* [Data below]:
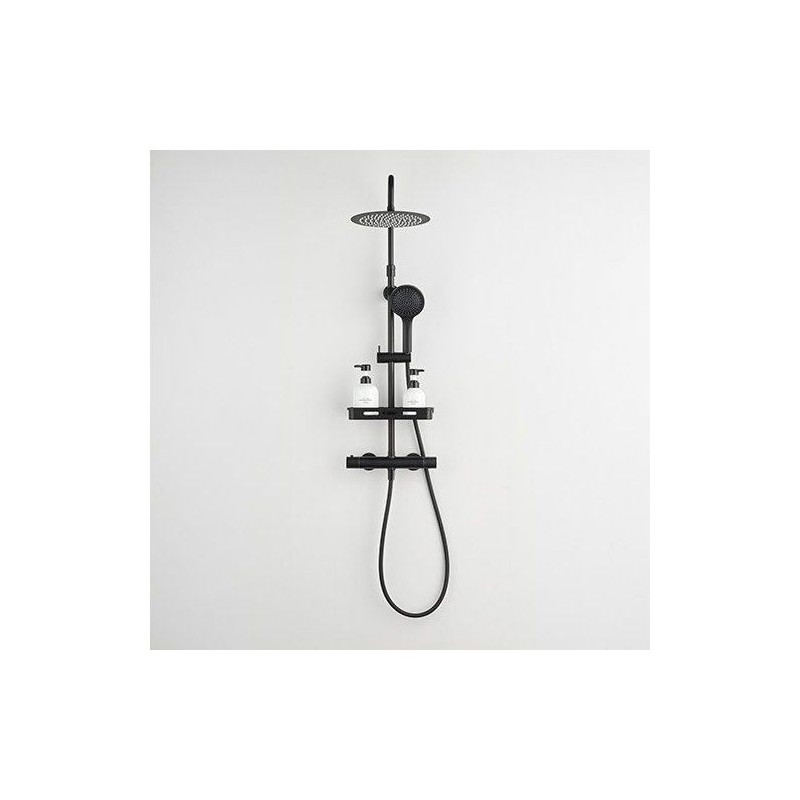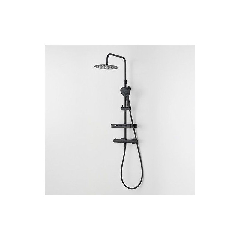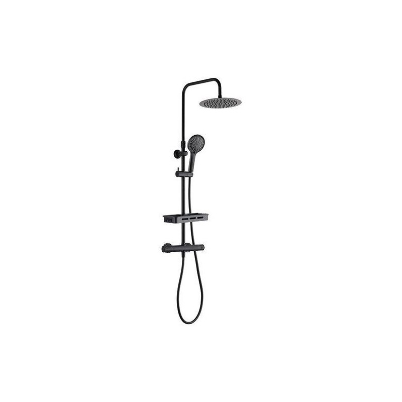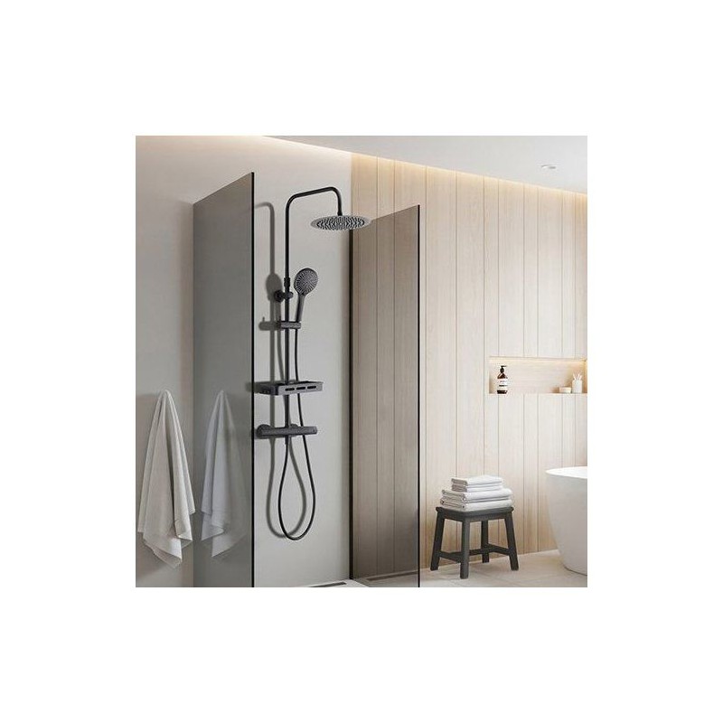 Colonne de douche avec mitigeur thermostatique - Edouard Rousseau - Ars Tab - Noir - Douche de tete ronde - Douchette a main
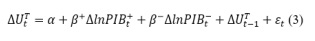 A pesar del poder predictivo que el enfoque original de Okun ha arrojado a lo largo del tiempo y en una amplia variedad de experiencias y países, no permiten considerar la posibilidad de replicar los patrones recientemente mostrados por el desempleo en Ecuador, donde los períodos de crecimiento parecen no estar fuertemente correlacionados con una significativa disminución del desempleo, mientras que en los períodos donde el PIB cae entonces la tasa de desempleo si se eleva considerablemente. Sobre todo, el modelo de primeras diferencias de la ecuación (1) no considera la perspectiva de una relación asimétrica entre las variables, cuestión que la literatura más reciente ha puesto de relieve. Para brindar respuesta a ello, se transforma la ecuación de primeras diferencias del siguiente modo, siguiendo la propuesta clásica de Schorderet (2001), que es un estándar en la literatura. El modelo de primeras diferencias está dado por la siguiente ecuación:
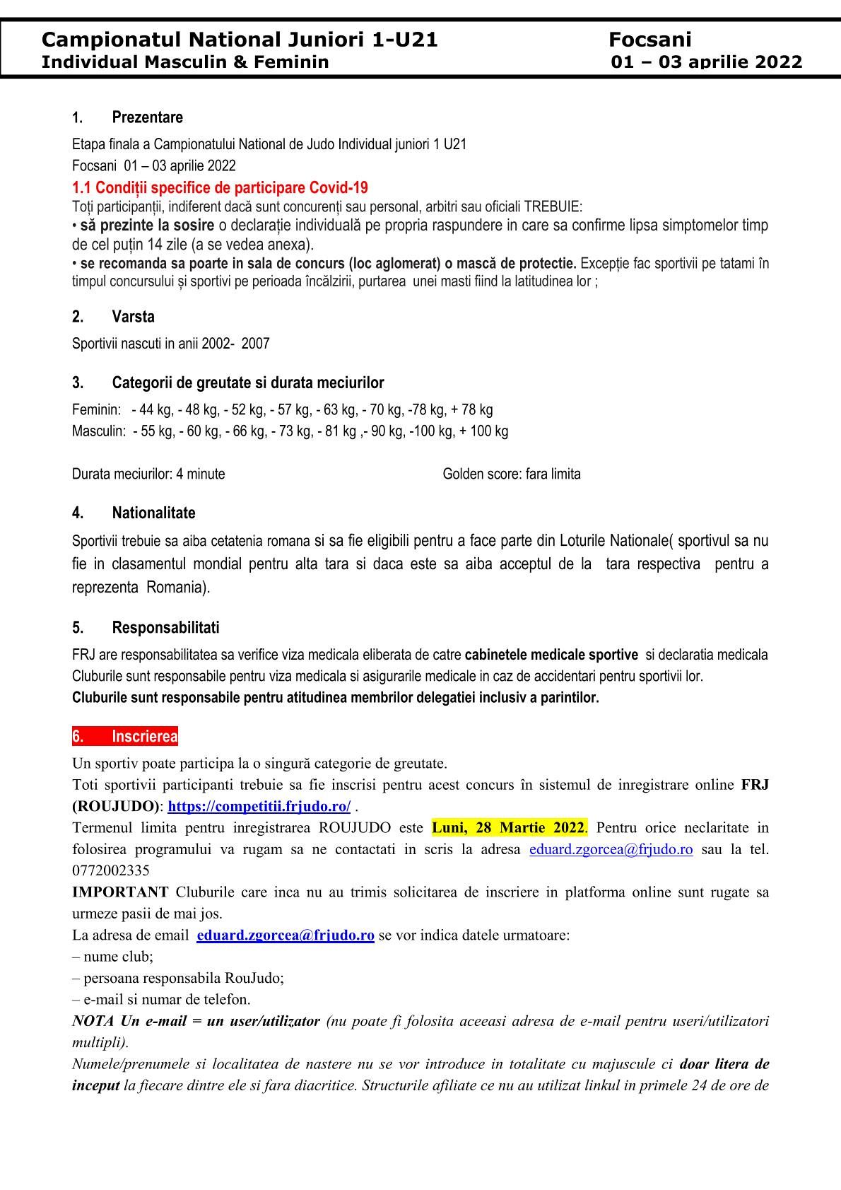 Campionatul național de judo, juniori I (U21) va avea loc vineri, sâmbătă și duminică în Sala Sporturilor Vrancea și este organizat de Federația Română de Judo în colaborare cu CSM Focșani 2007-LPS Focșani, CS Unirea Focșani, CSS Focșani, Mondo Sport Focșani și Direcția Județeană de Sport Vrancea.

* [The problem]: To complete this exercise, repeat exactly the lines above from the one holding "A pesar del" to the end of the listing, both included, and leave the pictures out.

* [Exercise solution]:
 A pesar del poder predictivo que el enfoque original de Okun ha arrojado a lo largo del tiempo y en una amplia variedad de experiencias y países, no permiten considerar la posibilidad de replicar los patrones recientemente mostrados por el desempleo en Ecuador, donde los períodos de crecimiento parecen no estar fuertemente correlacionados con una significativa disminución del desempleo, mientras que en los períodos donde el PIB cae entonces la tasa de desempleo si se eleva considerablemente. Sobre todo, el modelo de primeras diferencias de la ecuación (1) no considera la perspectiva de una relación asimétrica entre las variables, cuestión que la literatura más reciente ha puesto de relieve. Para brindar respuesta a ello, se transforma la ecuación de primeras diferencias del siguiente modo, siguiendo la propuesta clásica de Schorderet (2001), que es un estándar en la literatura. El modelo de primeras diferencias está dado por la siguiente ecuación:
 Campionatul național de judo, juniori I (U21) va avea loc vineri, sâmbătă și duminică în Sala Sporturilor Vrancea și este organizat de Federația Română de Judo în colaborare cu CSM Focșani 2007-LPS Focșani, CS Unirea Focșani, CSS Focșani, Mondo Sport Focșani și Direcția Județeană de Sport Vrancea.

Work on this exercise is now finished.